Numerical simulations of complex flows such as turbulence or shockwave propagation often require a huge computational time to achieve an industrial accuracy level. To speedup these simulations, two alternatives may be combined : mesh adaptation to reduce the number of required points on one hand, and parallel processing to absorb the computation workload on the other hand. However efficiently porting adaptive kernels on massively parallel architectures is far from being trivial. Indeed each task related to a local vicintiy need to be propagated, and it may induce new conflictual tasks though. Furthermore, these tasks are characterized by a low arithmetic intensity and a low reuse rate of already cached data. Besides, new kind of accelerators have arised in high performance computing landscape, involving a number of algorithmic constraints. In a context of electrical power consumption reduction, they are characterized by numerous underclocked cores and a deep hierarchy memory involving asymmetric expensive memory accesses. Therefore, kernels must expose a high degree of concurrency and high cached-data reuse rate to maintain an optimal core efficiency.
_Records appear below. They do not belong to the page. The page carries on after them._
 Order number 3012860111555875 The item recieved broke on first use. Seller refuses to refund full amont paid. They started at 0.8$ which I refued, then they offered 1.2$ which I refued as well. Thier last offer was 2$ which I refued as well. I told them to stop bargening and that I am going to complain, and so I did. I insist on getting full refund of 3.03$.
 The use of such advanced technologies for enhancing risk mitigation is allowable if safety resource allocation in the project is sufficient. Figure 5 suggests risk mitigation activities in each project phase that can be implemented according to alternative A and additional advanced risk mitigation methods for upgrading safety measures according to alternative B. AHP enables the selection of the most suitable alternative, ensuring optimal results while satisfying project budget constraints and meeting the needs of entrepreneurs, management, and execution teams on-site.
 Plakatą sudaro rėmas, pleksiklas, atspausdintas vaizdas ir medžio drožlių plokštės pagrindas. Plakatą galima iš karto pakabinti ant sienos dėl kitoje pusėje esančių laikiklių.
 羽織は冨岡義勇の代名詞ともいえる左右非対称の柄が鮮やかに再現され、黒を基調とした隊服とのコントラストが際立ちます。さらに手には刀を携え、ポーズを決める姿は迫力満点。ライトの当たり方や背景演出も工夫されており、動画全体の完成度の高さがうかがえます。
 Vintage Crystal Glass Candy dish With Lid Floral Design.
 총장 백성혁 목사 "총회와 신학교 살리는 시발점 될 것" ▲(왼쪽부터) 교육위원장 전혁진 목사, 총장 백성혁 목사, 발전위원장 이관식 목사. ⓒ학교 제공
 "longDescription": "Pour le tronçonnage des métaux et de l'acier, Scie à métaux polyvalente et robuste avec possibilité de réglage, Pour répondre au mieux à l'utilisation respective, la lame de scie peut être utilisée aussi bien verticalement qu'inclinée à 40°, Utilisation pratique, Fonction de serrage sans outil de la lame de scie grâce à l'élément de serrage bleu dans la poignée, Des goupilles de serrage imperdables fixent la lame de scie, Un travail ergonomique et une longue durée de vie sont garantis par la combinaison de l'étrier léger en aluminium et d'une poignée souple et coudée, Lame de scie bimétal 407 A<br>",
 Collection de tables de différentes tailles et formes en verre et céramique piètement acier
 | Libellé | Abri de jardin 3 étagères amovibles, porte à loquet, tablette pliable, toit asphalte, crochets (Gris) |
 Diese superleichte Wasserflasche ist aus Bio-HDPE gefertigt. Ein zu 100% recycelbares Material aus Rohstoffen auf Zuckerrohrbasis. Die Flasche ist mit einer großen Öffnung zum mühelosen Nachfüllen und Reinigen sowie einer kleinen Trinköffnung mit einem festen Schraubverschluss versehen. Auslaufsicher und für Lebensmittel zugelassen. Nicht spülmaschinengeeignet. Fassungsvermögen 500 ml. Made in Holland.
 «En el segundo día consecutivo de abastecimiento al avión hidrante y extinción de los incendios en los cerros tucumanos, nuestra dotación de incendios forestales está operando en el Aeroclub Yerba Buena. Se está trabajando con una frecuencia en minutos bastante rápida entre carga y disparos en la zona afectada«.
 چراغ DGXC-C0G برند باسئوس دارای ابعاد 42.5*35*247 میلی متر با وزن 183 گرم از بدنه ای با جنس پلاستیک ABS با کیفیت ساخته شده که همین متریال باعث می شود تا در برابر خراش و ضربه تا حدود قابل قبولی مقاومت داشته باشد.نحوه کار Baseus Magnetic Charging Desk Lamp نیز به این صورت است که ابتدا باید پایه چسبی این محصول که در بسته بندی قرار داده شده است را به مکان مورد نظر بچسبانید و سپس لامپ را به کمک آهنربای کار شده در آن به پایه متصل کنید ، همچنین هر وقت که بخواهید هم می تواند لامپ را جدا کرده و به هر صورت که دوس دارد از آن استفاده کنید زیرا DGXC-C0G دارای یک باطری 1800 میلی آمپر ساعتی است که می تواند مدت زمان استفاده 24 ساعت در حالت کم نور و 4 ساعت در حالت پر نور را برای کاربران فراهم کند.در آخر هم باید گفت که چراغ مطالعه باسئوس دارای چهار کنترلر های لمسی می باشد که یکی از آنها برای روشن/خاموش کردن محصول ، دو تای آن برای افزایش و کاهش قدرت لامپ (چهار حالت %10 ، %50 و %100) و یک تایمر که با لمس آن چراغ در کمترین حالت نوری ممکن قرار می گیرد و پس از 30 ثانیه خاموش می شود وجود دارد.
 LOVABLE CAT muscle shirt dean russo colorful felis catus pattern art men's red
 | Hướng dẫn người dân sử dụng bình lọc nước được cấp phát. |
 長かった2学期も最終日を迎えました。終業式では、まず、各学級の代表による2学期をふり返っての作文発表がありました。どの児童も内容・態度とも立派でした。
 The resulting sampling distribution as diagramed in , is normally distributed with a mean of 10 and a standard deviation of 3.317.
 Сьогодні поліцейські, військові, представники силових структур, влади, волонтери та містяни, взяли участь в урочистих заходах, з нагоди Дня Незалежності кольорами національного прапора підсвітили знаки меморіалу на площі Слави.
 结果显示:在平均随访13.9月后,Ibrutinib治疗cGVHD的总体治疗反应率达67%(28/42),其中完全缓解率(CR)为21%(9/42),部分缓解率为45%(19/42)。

The real issue is how to structure these data-driven and data-intensive kernels to match these constraints ?In this work, we provide an approach which conciliates both locality constraints and convergence in terms of mesh error and quality. More than a parallelization, it relies on redesign of kernels guided by hardware constraints while preserving accuracy. In fact, we devise a set of locality-aware kernels for anisotropic adaptation of triangulated differential manifold, as well as a lock-free and massively multithread parallelization of irregular kernels. Although being complementary, those axes come from distinct research themes mixing informatics and applied mathematics. Here, we aim to show that our devised schemes are as efficient as the state-of-the-art for both axes.